I continuously encourage others to do exactly this. It is a great learning opportunity. If they are not aware that they will get DoS'd now they will know. It's not like they will get PTSD from having to wait for OOM killer or losing their vps. You learned it that way, I learned it that wat, why not others? At least this way they will have real experience under their belt, not some online diatribe.

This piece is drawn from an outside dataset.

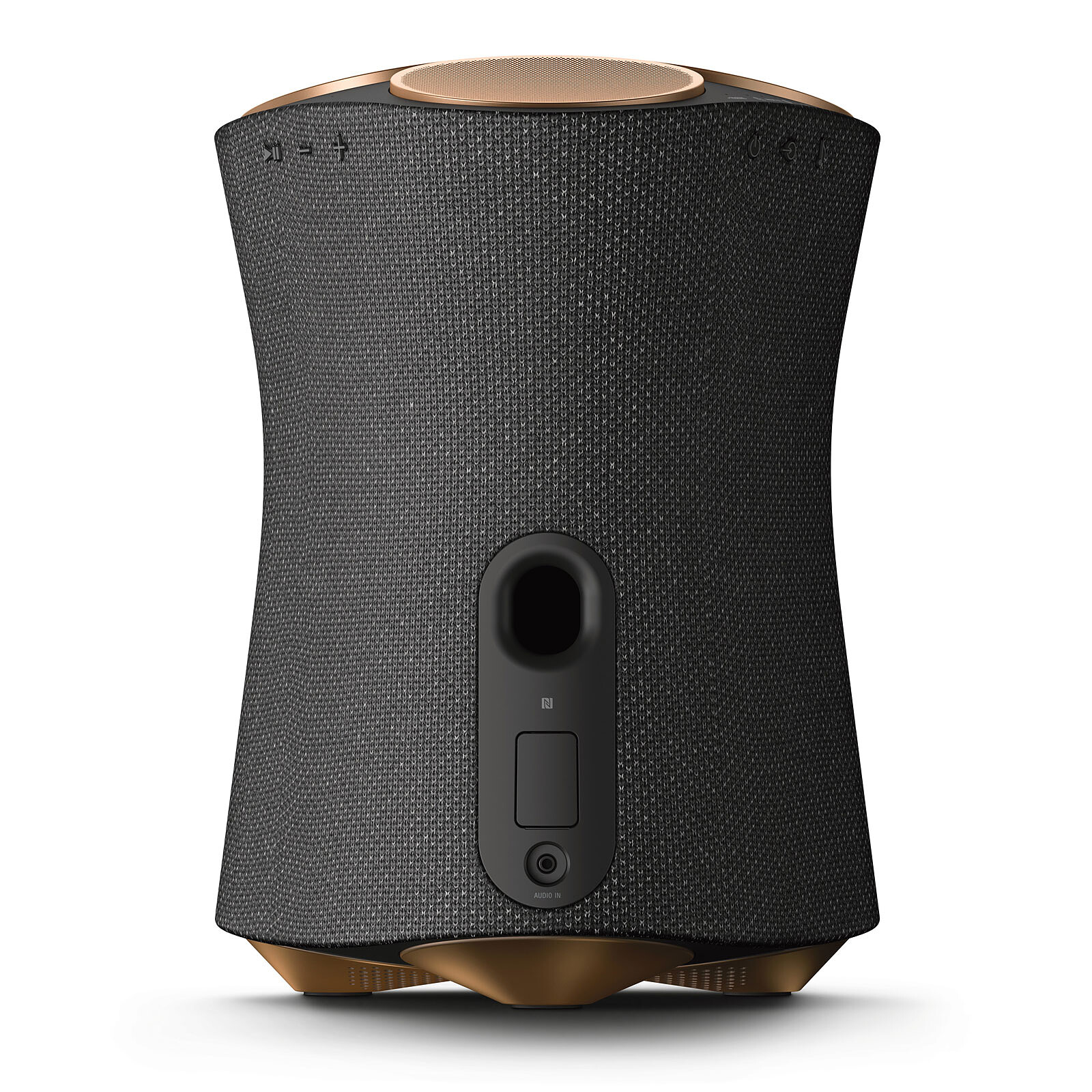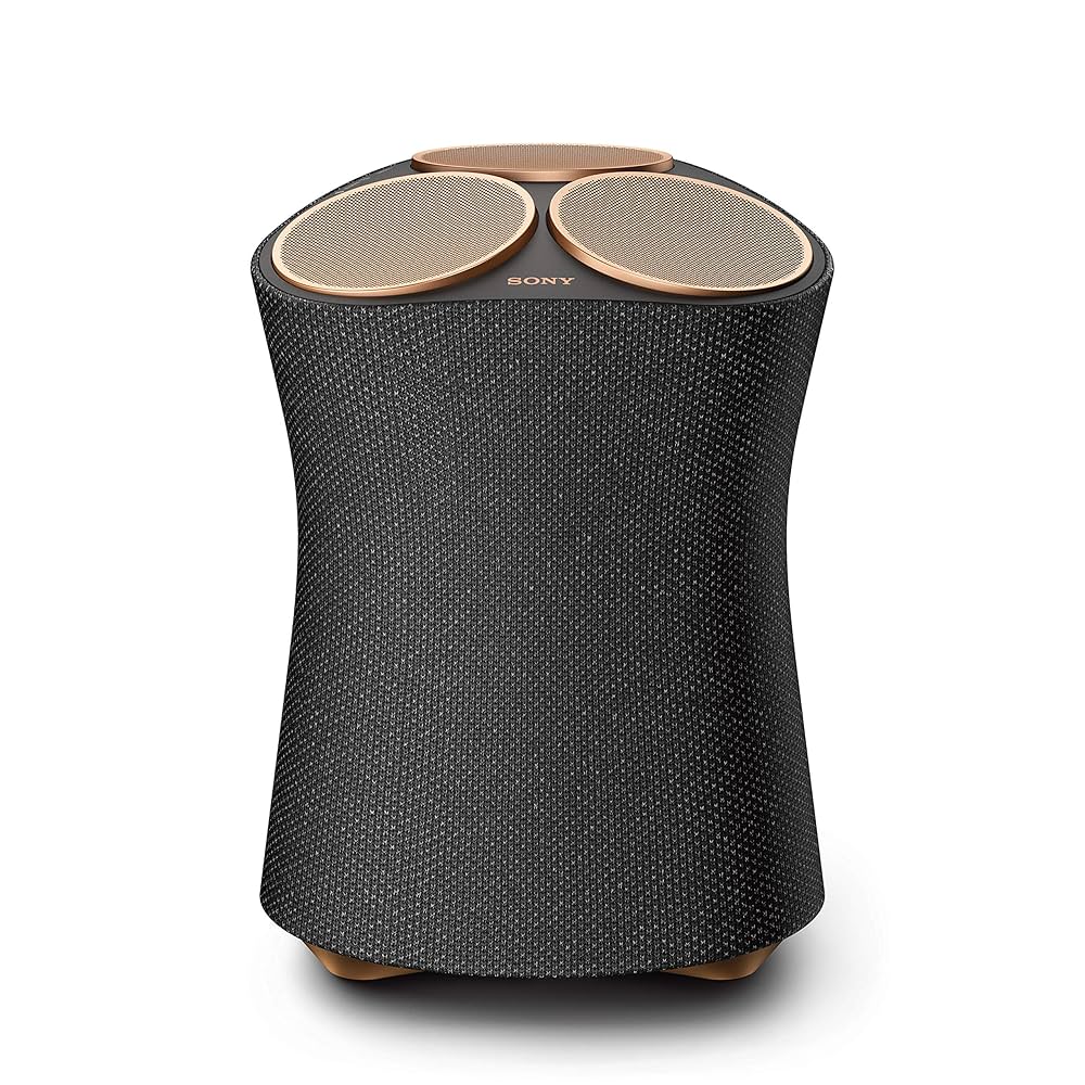 Далее идет Sony SRS-RA5000, которая придерживается совершенно иной философии. При высоте 32,9 см, диаметре около 23 см и весе 4,9 кг она выглядит, как попытка выделиться из толпы, что для устоявшегося японского бренда довольно смело.

2. Wait for request <--- Attack causes us to get stuck here
3. Serve request
4. Close connection and thread / return to threadpool
Solution: Use a reverse proxy to handle the incoming connections. Typical reverse proxies such as nginx use event-based polling not a per-connection thread so they are immune to this issue.
The way you deal with this is that you write the server to be async I/O based with NPROC threads, not a thread-per-client design, and then you can use CPS for the business logic, but in this case it's so trivial... You can probably get by with just a handful of bytes of memory pressure per client in the app + whatever the per-client TCB is for the TCP connection for a total of less than 200 bytes per client.
I don’t know if people are noticing this but apple.com doesn’t have a cookie banner. It’s perfectly possible to operate a website – even a shop – without having a cookie banner. Even one of the biggest here in Europe in terms of revenue. As OP said, cookie banners are just malicious compliance. You don’t need one unless you’re doing shady things. Unfortunately it looks like the advertisers and trackers are winning as the EU is planing to relax the rules. I believe there would have been another way, something like banning unnecessary tracking altogether.
And cookie banners are what exactly? That's right, you ask users to consent to use cookies to track them. Thus, cookie banners are REQUIRED because you can't run a business without any insight into how your users use your product.
Except it's not tracking. Remembering user preferences is the original goal of cookies, and doesn't come with any legal requirements.
The law is (paraphrasing) "You must use cookies or similar to be evil without permission". Advertising companies decided that instead of not being evil, they'd annoy users into giving permission.